TeacherLM: Teaching to Fish Rather Than Giving the Fish, Language Modeling Likewise

Nan He,Hanyu Lai,Chenyang Zhao,Zirui Cheng,Junting Pan,Ruoyu Qin,Ruofan Lu,Rui Lu,Yunchen Zhang,Gangming Zhao,Zhaohui Hou,Zhiyuan Huang,Shaoqing Lu,Ding Liang,Mingjie Zhan
2024-07-16
Abstract:Large Language Models (LLMs) exhibit impressive reasoning and data augmentation capabilities in various NLP tasks. However, what about small models? In this work, we propose TeacherLM-7.1B, capable of annotating relevant fundamentals, chain of thought, and common mistakes for most NLP samples, which makes annotation more than just an answer, thus allowing other models to learn "why" instead of just "what". The TeacherLM-7.1B model achieved a zero-shot score of 52.3 on MMLU, surpassing most models with over 100B parameters. Even more remarkable is its data augmentation ability. Based on TeacherLM-7.1B, we augmented 58 NLP datasets and taught various student models with different parameters from OPT and BLOOM series in a multi-task setting. The experimental results indicate that the data augmentation provided by TeacherLM has brought significant benefits. We will release the TeacherLM series of models and augmented datasets as open-source.

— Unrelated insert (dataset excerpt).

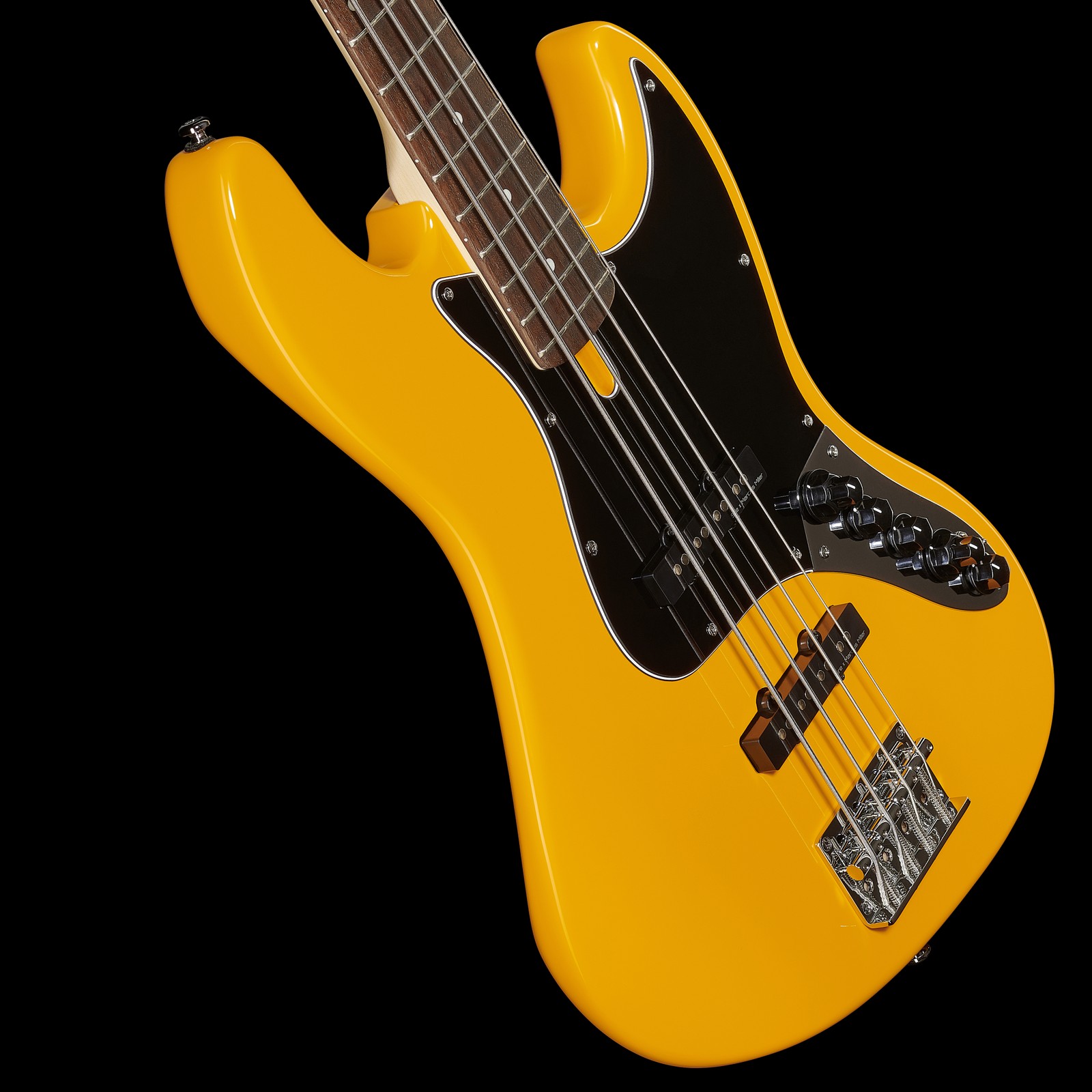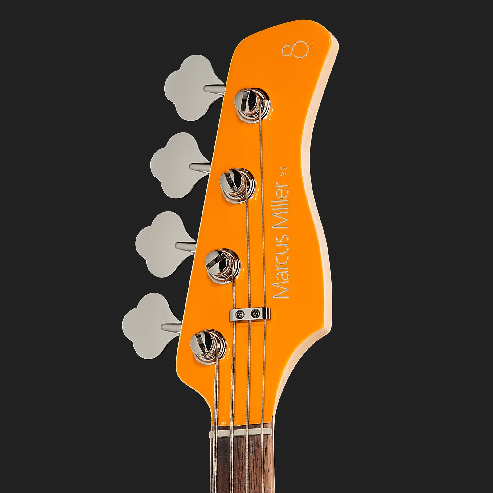 Ein Mahagonikorpus, ein Ahornhals und ein Palisandergriffbrett sind die Hölzer der Wahl für den Sire V3. Eine Besonderheit ist, dass die Enden der 20 Bundstäbchen sorgfältig abgerundet wurden, um Lagenwechsel so angenehm wie möglich zu machen. Wer J-Bässe mag, wird mit den Maßen von 38mm Sattelbreite, 34 Zoll Mensur und dem C-förmigen Halsprofil auf Anhieb bestens klarkommen. Zwei Marcus Standard Jazz Bass Revolution Single Coils und die Heritage 3-Band Elektronik (dank 18 Volt Betriebsspannung stets verzerrungsfrei) sind die Schaltzentrale für eine enorme Bandbreite an Sounds. Zur Wahl stehen der klassische Passiv-Modus inklusive Höhenblende oder die Aktiv-Elektronik mit Reglern für Bässen, parametrischen Mitten und Höhen. Das poppige Orange Finish hebt sich definitiv vom Mainstream ab und macht den V3 auf jeder Bühne zu einem Hingucker.

Computation and Language,Artificial Intelligence
What problem does this paper attempt to address?
The problem this paper attempts to address is improving data augmentation effectiveness in natural language processing (NLP) tasks, especially for small models. Specifically, the paper proposes the TeacherLM-7.1B model, which aims to annotate each sample with foundational knowledge, chains of thought, and common errors, enabling the model not only to remember the answers but also to understand the "why," thereby achieving a shift from result-oriented to process-oriented learning. Additionally, the paper demonstrates the effectiveness of TeacherLM in data augmentation for student models of different scales in a multi-task setting and proves its significant improvement in zero-shot learning capabilities.